There is a large and large input stream, so large that no memory can be stored, and only input once, how to randomly get N records from this input stream. What method can we use to get the random data of n equal probabilities without the need to store the data stream?
That's, If m<=n, just keep it. For M>n, generate a random number R=rand (m) in [0, M), replace A[r] with new number if R falls in [0, N).
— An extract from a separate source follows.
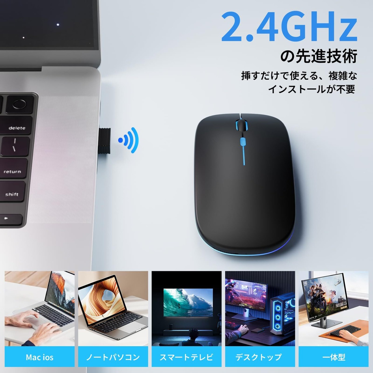 【2.4GHz対応&簡単接続】充電式マウスは成熟した2.4GHz接続技術を採用し,は安定した接続、正確なスキャン、高速データ転送が可能になります,最大動作距離は10Mで。複雑な接続手順を必要とせず、簡単かつ迅速にコンピューターに接続し,付属の接続端子をパソコンのUSB接続口に差し込むことで接続完了。作業を効率化するワイヤレス マウスです。

The procedure is as follows:
#include <iostream>
using namespace Std;
void sample (int n,int* output)
{
int m=0;
int Val;
while (M<n && cin>>val)
Output[m++]=val;
while (Cin>>val)
{
m++;
if (rand ()%m<n)
Output[rand ()%n]=val;
}
}
The correctness of this method proves that:
1. Since a total of n elements are stored, the probability of selecting one of the elements is 1/n (this is temporarily placed, which is used later)
2. As shown
We first ask for the probability that a data is finally taken in n data, which obviously requires all s data (assuming the total number of s) to be equal to the probability of each number being obtained, i.e. 1/s.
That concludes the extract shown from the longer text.